= Beginning of Section =

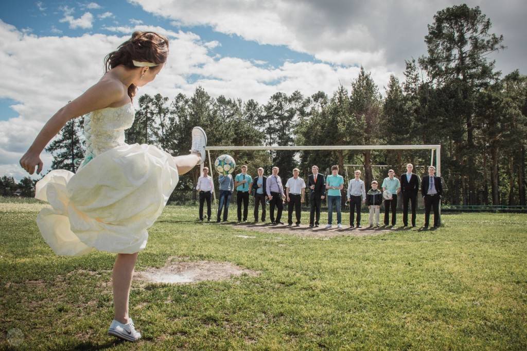 Лишний повод оставить воспоминания о своем прекрасном свадебном платье. Плюс милый жест от жениха. Подойдет любым, даже самым застенчивым парам.
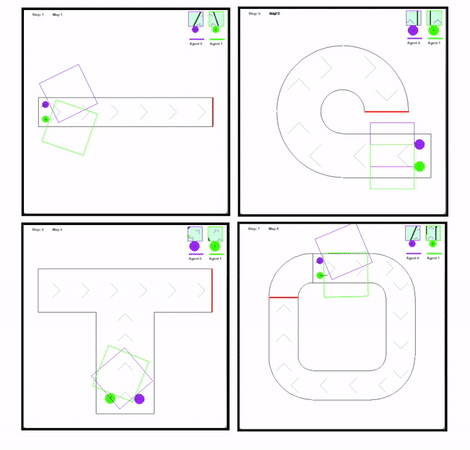 ❖ 当有一个智能体到达终点(红线)或环境达到最大步数500步时环境结束,先冲过终点的一方获胜,若双方均未过线则平局;
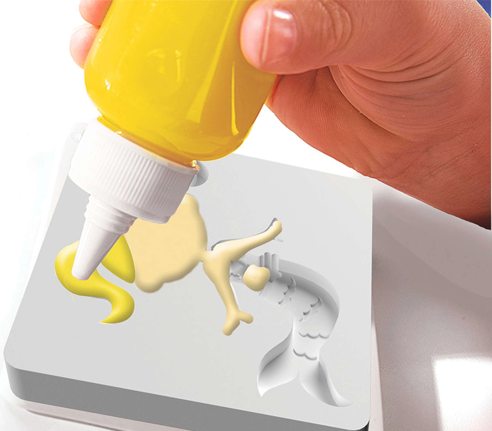 Rellena los moldes con geles de colores, sumérgelos en la solución preparada y observa cómo una imagen plana se transforma en una suave decoración 3D. Fácil, rápido y divertido.
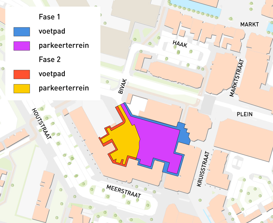 Tijdens de werkzaamheden is er steeds een deel van Bivak afgesloten voor auto’s en vrachtwagens. Bevoorrading van de winkels met klein vrachtverkeer kan via de Meerstraat.
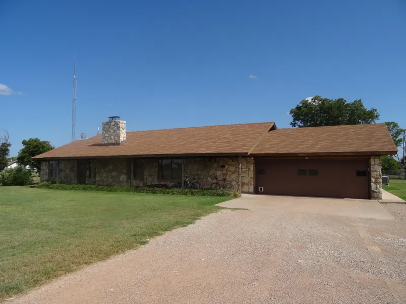 Well kept native rock home built in the '70s on 20.15+/- acres. Central heat/air, 2 living areas, skylights, double paned windows. Spacious master bedroom with floor level hot tub in master bath. Covered porches both front and back. City water as well as 3 water wells. Large front and back yards. Storage building in back. Barn with 4 stalls, equipment shed, fields for livestock grazing or hay production. Perimeter fencing around property. Less than 15 minutes to Abilene.
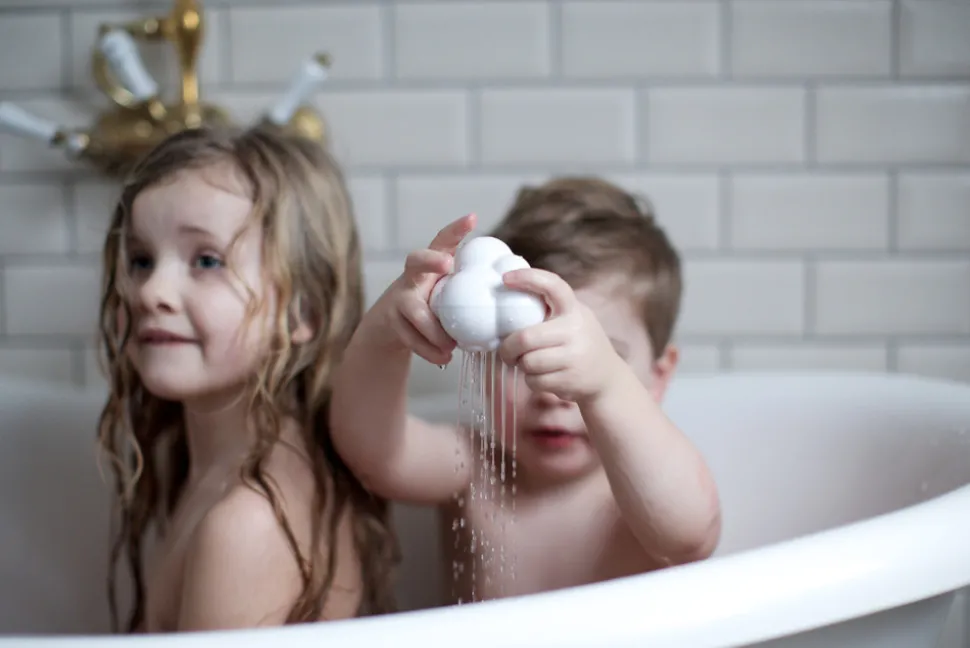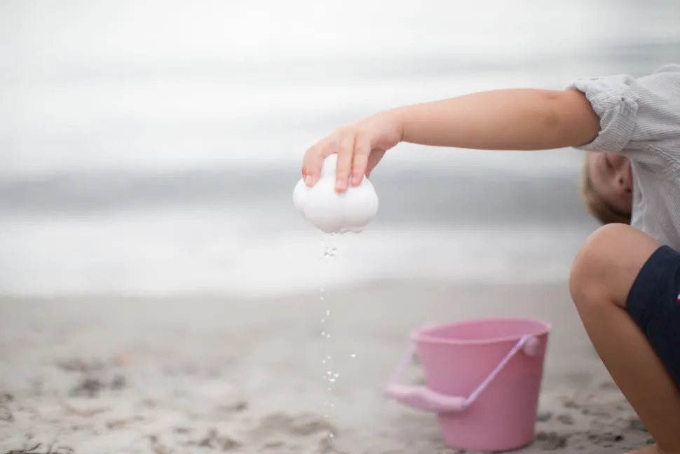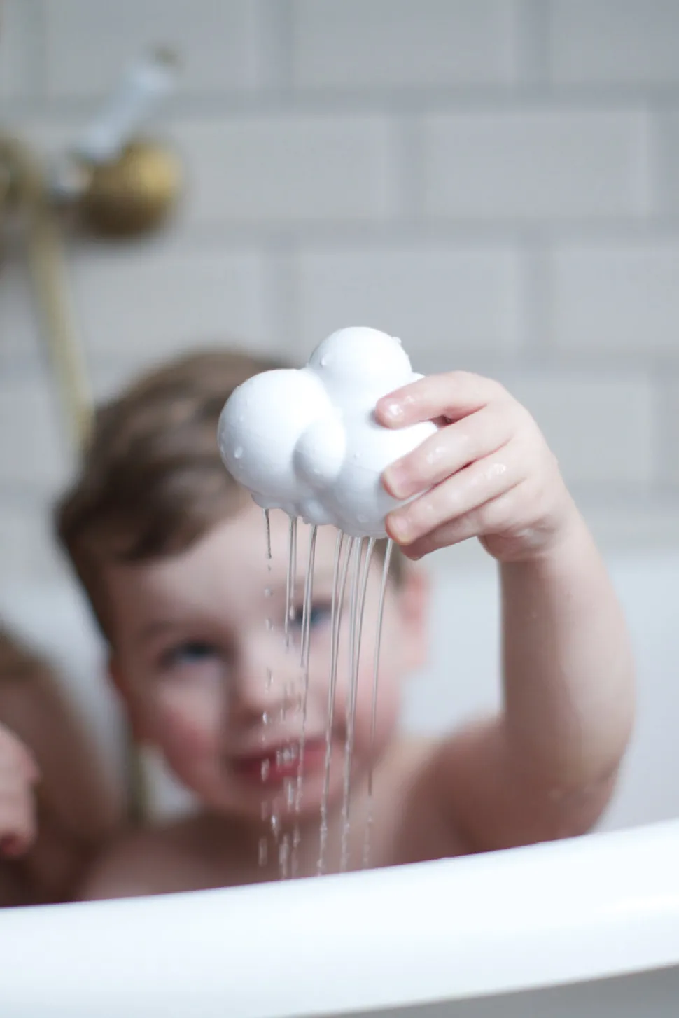 Lille sky hvor barnet let kan starte og stoppe regnen. Skyen fyldes med vand ved at holde det nede i badekarret.

= End of Section =

#### Brief:
Set down, word for word, the line that holds "Rellena los moldes" and all lines after it to the end of the entries above, but not the pictures.

#### The answer:
 Rellena los moldes con geles de colores, sumérgelos en la solución preparada y observa cómo una imagen plana se transforma en una suave decoración 3D. Fácil, rápido y divertido.
 Tijdens de werkzaamheden is er steeds een deel van Bivak afgesloten voor auto’s en vrachtwagens. Bevoorrading van de winkels met klein vrachtverkeer kan via de Meerstraat.
 Well kept native rock home built in the '70s on 20.15+/- acres. Central heat/air, 2 living areas, skylights, double paned windows. Spacious master bedroom with floor level hot tub in master bath. Covered porches both front and back. City water as well as 3 water wells. Large front and back yards. Storage building in back. Barn with 4 stalls, equipment shed, fields for livestock grazing or hay production. Perimeter fencing around property. Less than 15 minutes to Abilene.
 Lille sky hvor barnet let kan starte og stoppe regnen. Skyen fyldes med vand ved at holde det nede i badekarret.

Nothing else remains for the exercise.